Police must protect sanctity of life and stop enforced disappearances

 

A man wails as he is abducted by hooded police officers along Kimathi Street in Nairobi on July 16, 2024. [File, Standard]

From June 2024 to date, exponential cases of missing persons and enforced disappearances with many of them turning up dead have become extremely worrying and agonising for the families losing their loved ones mysteriously.

The Inspector-General of Police expressed concern about the rising murder cases reports, yet he and his team must safeguard and protect lives. The Constitution in Article 26 provides for the right to life for everyone declaring that no person shall be deprived of life intentionally. Article 239 establishes the Kenya Defence Forces (external security), the National Intelligence Service (article 242 intelligence and counter-intelligence) and the National Police Service, the latter with the responsibility to protect and secure everyone in Kenya.

Subsection 5 declares that the national security organs are subordinate to civilian authority, which affirms the sovereignty of the people provided for in Article 1(1) to ensure the Kenya Police and the other two organs are exercising the people’s delegated sovereign power to serve their interests and ensure the sanctity of life.

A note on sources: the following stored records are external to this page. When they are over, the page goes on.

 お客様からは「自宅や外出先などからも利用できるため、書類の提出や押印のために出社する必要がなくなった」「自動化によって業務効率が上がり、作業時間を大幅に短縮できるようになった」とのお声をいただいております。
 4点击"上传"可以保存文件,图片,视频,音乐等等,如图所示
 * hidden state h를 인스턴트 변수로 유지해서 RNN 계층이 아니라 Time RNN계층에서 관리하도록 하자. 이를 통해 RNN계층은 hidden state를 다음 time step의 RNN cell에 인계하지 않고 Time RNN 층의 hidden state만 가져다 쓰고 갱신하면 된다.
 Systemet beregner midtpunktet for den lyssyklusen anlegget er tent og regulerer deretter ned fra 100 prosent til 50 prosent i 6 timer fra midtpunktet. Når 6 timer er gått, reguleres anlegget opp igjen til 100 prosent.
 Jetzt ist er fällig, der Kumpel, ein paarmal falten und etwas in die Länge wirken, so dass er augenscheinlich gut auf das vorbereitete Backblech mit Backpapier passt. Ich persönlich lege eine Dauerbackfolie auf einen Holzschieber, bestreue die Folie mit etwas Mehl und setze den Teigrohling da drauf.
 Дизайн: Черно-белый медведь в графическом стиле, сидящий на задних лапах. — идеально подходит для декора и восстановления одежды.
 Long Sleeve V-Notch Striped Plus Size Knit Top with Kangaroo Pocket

The Inspector-General is appointed by the President with the approval of Parliament and is obligated to exercise independent command over the National Police Service.

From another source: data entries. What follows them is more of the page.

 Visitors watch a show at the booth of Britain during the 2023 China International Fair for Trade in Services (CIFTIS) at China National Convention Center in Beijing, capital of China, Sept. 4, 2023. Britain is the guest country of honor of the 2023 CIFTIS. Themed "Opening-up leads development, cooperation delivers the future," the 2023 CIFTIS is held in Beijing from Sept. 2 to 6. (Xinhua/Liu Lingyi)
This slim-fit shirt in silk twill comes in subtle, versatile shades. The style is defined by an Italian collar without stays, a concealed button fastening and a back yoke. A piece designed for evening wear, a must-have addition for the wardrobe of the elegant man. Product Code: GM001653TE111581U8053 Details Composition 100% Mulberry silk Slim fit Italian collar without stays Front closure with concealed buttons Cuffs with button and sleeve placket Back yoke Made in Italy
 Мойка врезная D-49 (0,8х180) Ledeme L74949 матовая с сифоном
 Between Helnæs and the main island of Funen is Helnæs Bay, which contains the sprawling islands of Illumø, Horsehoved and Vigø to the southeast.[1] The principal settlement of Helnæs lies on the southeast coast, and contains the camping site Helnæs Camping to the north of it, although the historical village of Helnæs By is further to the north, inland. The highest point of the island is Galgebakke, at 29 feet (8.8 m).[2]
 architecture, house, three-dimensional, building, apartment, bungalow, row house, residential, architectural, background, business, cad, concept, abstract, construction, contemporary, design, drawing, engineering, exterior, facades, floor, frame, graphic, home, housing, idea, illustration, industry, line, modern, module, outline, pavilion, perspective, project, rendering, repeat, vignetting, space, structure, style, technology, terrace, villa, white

So, when he says he is concerned with the rising cases of murder, which is criminal and whose deterrence is a mandatory function of his office, it begs the question, is the National Police Service overwhelmed or incapacitated to conclusively deal with enforced disappearance and murders? There is also an interesting spin into the recent disappearances.

Although there has been sustained tragic femicide, there are more cases targeting residents of Nairobi and environs, who are driven to other counties and left for the dead. Why? Young female students are also reportedly being drugged or abducted and turning up dead, why? There are also too many unresolved murders. What happened to the serial killers of the Kware murders? How do we end impunity and these killings? One of the key challenges we have is an insufficient legal and institutional framework. For example, we do not have a law that criminalises enforced disappearances in Kenya, which people can use in courts to end impunity.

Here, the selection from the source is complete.